D^tRespectively normalized to X_WT,X_PV,X_DAll negative data are removed and all data are divided by their maximum value. Before inputting DQN, SW is connected_trNormalized to X_trDivide each element by T_SW。

Step 14: the normalized data is divided into a training set and a test set.

Specifically, in normal reinforcement learning, the state is updated through interaction of the agent with the environment, independent of special external data. The state in the present embodiment depends on the power distribution system corresponding to the environment and the distributed renewable energy system power generation, and the load data may vary depending on external conditions such as weather. If no data separation is performed, DQN may be over-used in the training data set, possibly leading to configuration failures. Therefore, a test set is specified in the present embodiment to verify whether DQN learning performs correctly in relatively bad conditions.

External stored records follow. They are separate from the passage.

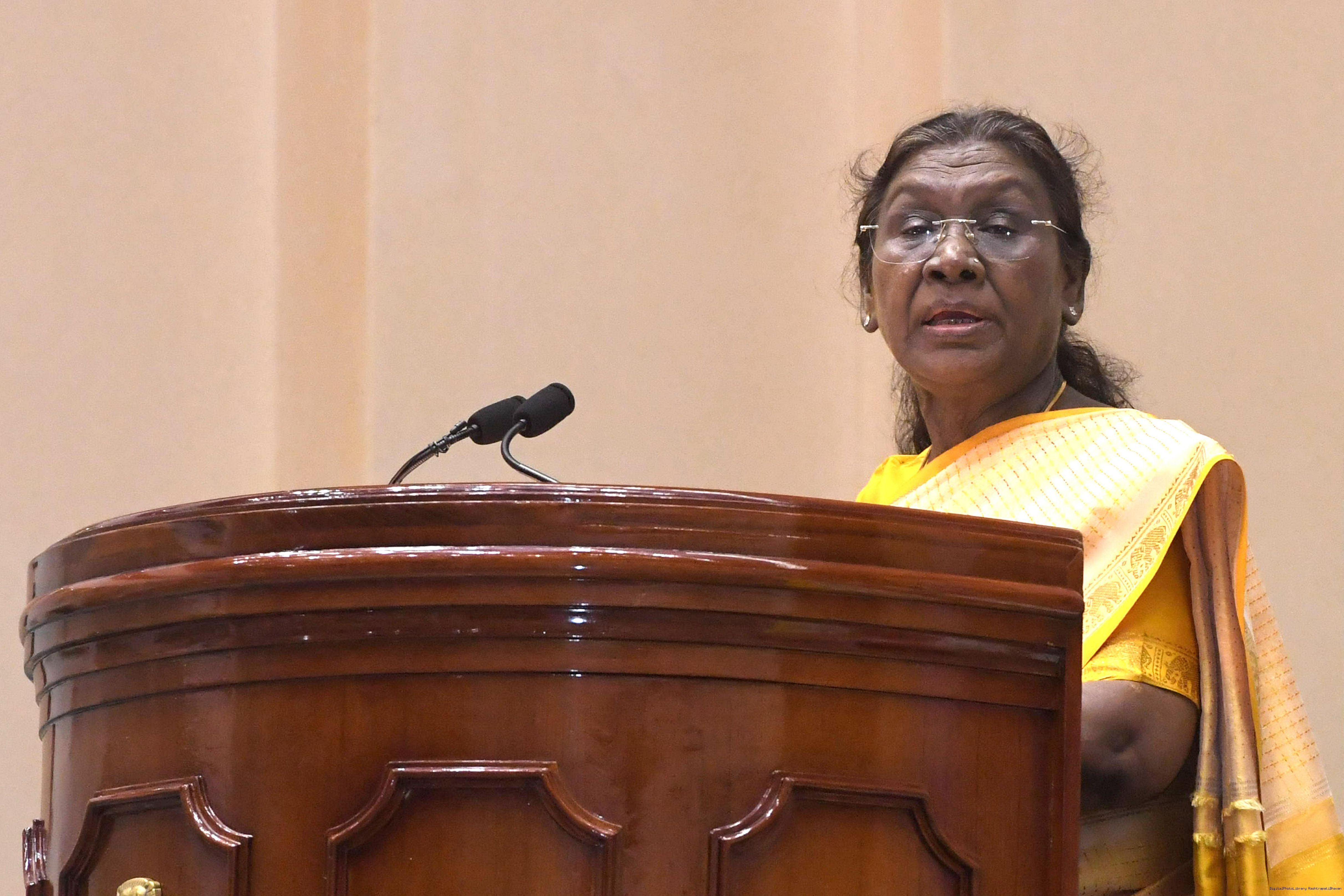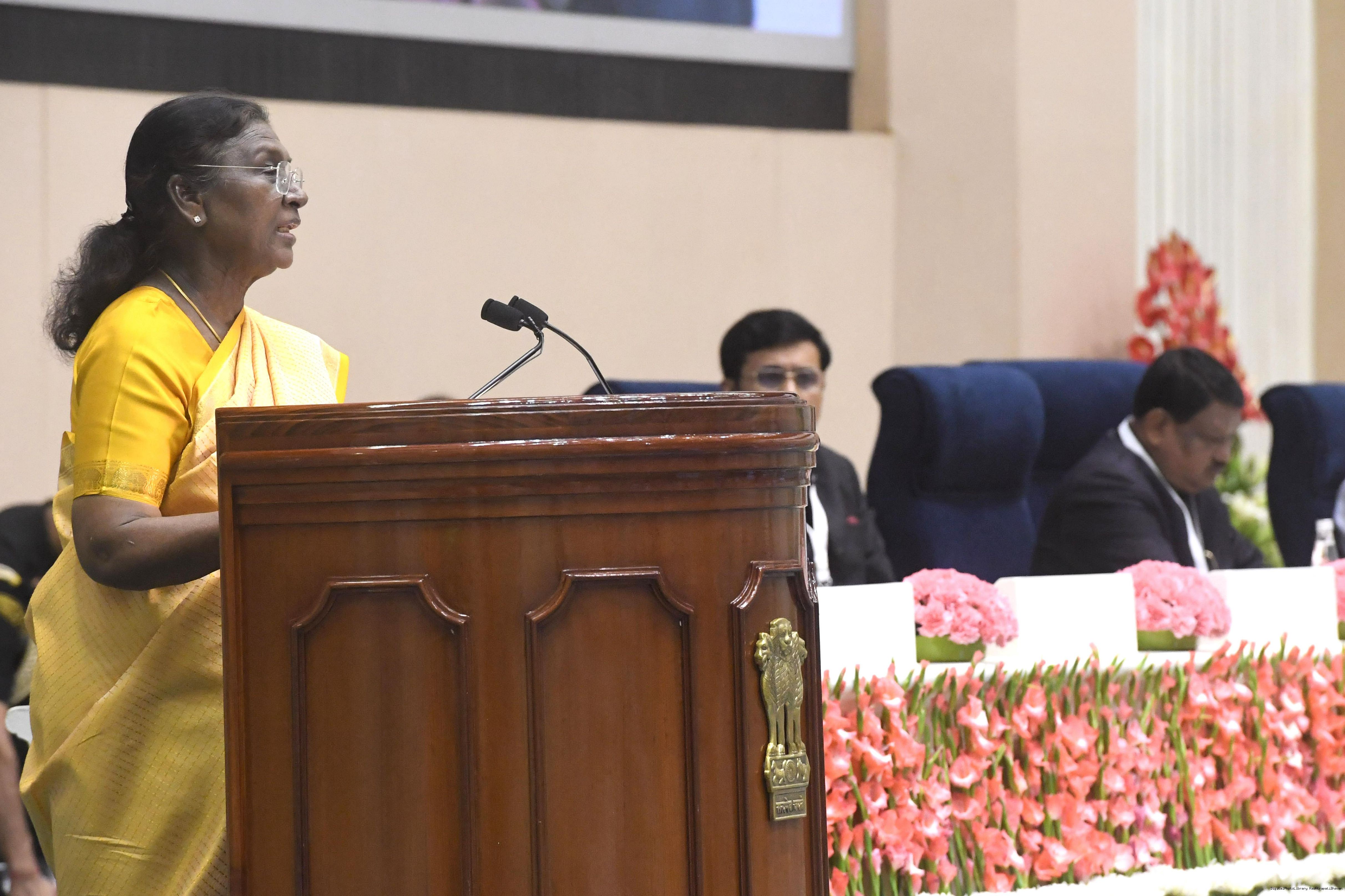 Caption: The President of India, Smt. Droupadi Murmu addressed the national conclave on the ‘Adi Karmayogi Abhiyan’ and presented awards to the best-performing states, districts, blocks, and Integrated Tribal Development Agencies at a function held in New Delhi on October 17, 2025.
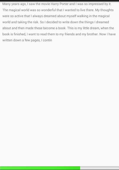 <LinearLayout xmlns:android="http://schemas.android.com/apk/res/android" xmlns:tools="http://schemas.android.com/tools" android:layout_width="match_parent" android:layout_height="match_parent" tools:context="cn.teachcourse.www.MainActivity" android:orientation="vertical" android:gravity="center" > <TextView android:layout_width="match_parent" android:layout_height="wrap_content" android:layout_weight="1" android:id="@+id/read_data_tv" android:text="@string/read_info" android:scrollbars="vertical" android:layout_marginLeft="10dp" android:layout_marginRight="10dp" android:lineSpacingExtra="10dp"/> <ProgressBar android:id="@+id/progressBar_horizontal_read_data" style="?android:attr/progressBarStyleHorizontal" android:layout_width="match_parent" android:layout_height="15dp" android:layout_marginTop="28dp"/> </LinearLayout>
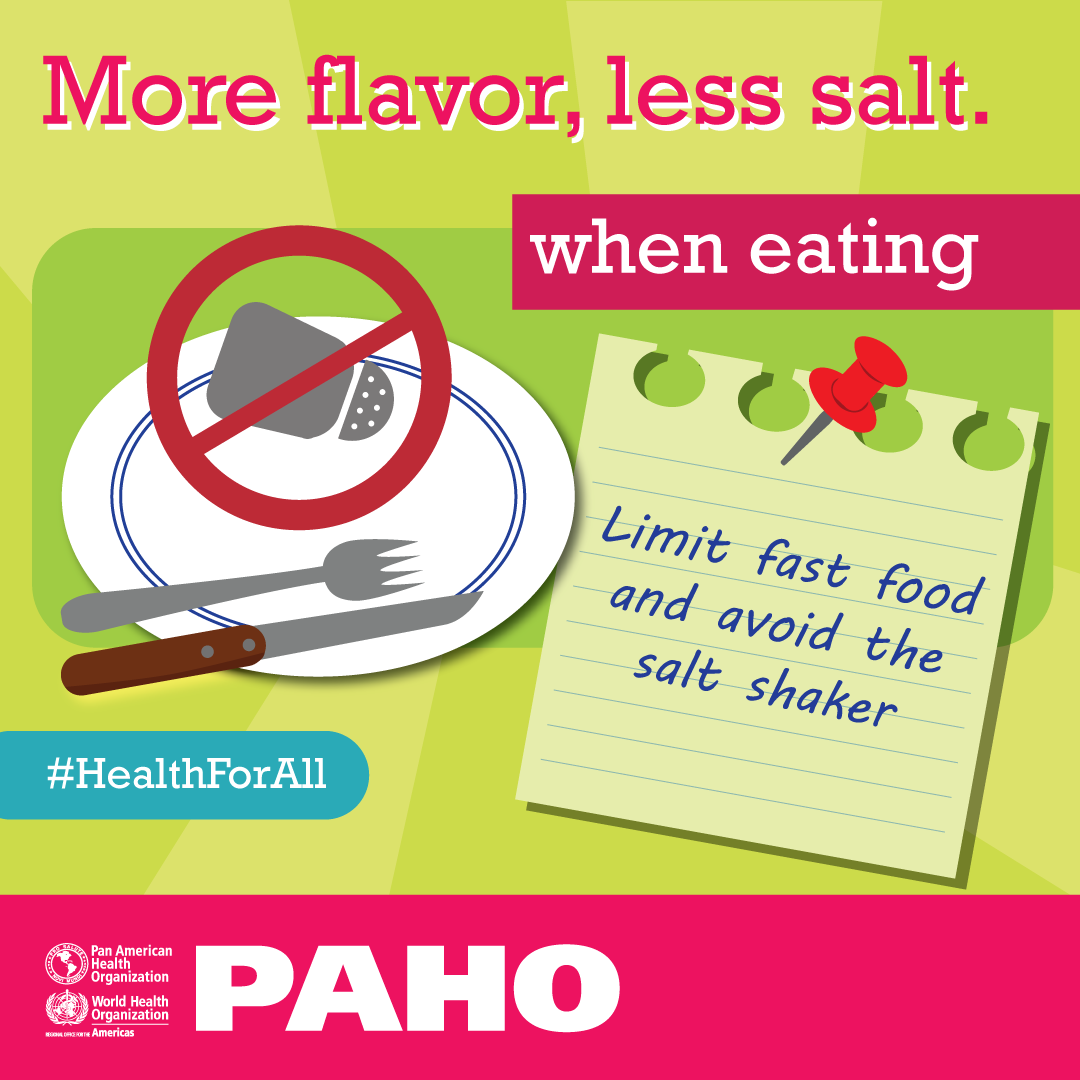 This year, the World Salt Awareness Week will take place from March 8 to 14 with the slogan: “More Flavor, Less Salt!”. The Pan American Health Organization/World Health Organization (PAHO/WHO) joins this global campaign to join forces with the international community and share the progress made by the Region. In turn, technical tools will be shared to facilitate the development and implementation of comprehensive salt reduction policies and dissemination of key messages to promote healthy practices at home, in school and at the workplace.
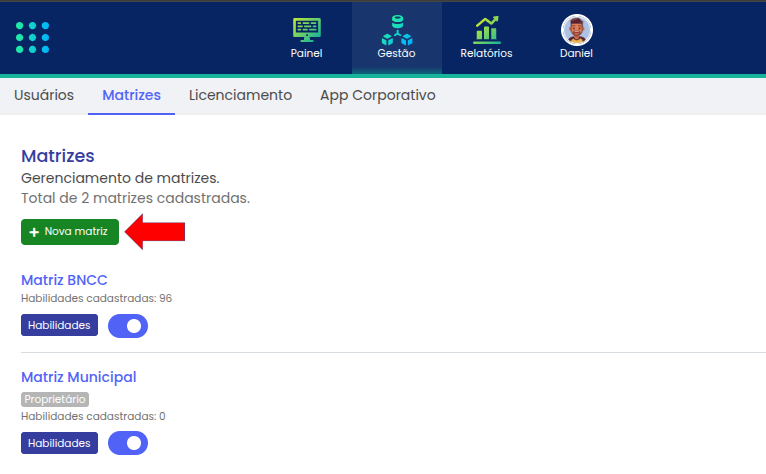 As matrizes podem ser criadas no painel do gestor de rede, por usuários com permissão de gestor de uma rede de ensino.
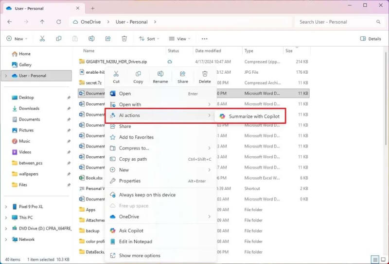 Đối với người dùng Microsoft 365, menu “AI Actions” còn cung cấp hành động “Summarize action in Copilot”. Tính năng này giúp tạo tóm tắt nội dung các tệp trên OneDrive và SharePoint một cách nhanh chóng, loại bỏ nhu cầu phải mở từng tệp.
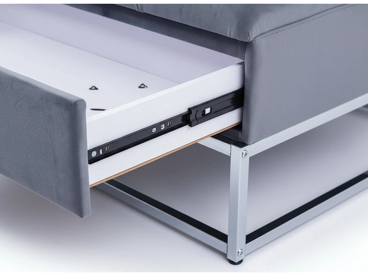Pouf Coffre TIROIRS Carré Plateau Velours Capitonné Gris 80x80x43cm 2 Tiroirs

Step 2: setting an epsilon-greedy strategy selection action;

specifically, in reinforcement learning, the action selection of an agent is called a policy. The goal of reinforcement learning is to determine the best strategy to achieve the highest reward. Prior to training, DQN randomly initializes weights and bias values, and thus initially cannot determine the action that will deliver a highest reward. The agent takes a random action to "explore" which can get a high reward, rather than relying on the output of DQN from the outset. So this embodiment uses intuitive, simple epsilon-greedy as an exploration strategy.

The agent selects the action with the maximum Q value in the corresponding state according to the probability epsilon, and simultaneously randomly selects the action a according to the probability 1-epsilon_tTo ensure that the exploration in the motion space is as possible, the formula of epsilon-greedy is as follows:

in the epsilon-greedy strategy, the larger the epsilon value, the faster the convergence and the easier it is to fall into local optima. Therefore, in the embodiment, in the early stage of exploration, the intelligent agent lacks effective information, the intelligent agent is explored in the action space with a high probability, and the accumulated empirical knowledge tends to be accurate along with continuous learning, and epsilon is gradually reduced.

And step 3: and establishing a power distribution network system environment model by using the preprocessed data, and establishing a deep reinforcement learning model of the intelligent agent. And setting corresponding state space, action space and reward (punishment) function, and performing off-line training and learning by using the DQN reinforcement learning model and the simulation environment to obtain the power distribution network dynamic case assistant decision-making model meeting the error requirement.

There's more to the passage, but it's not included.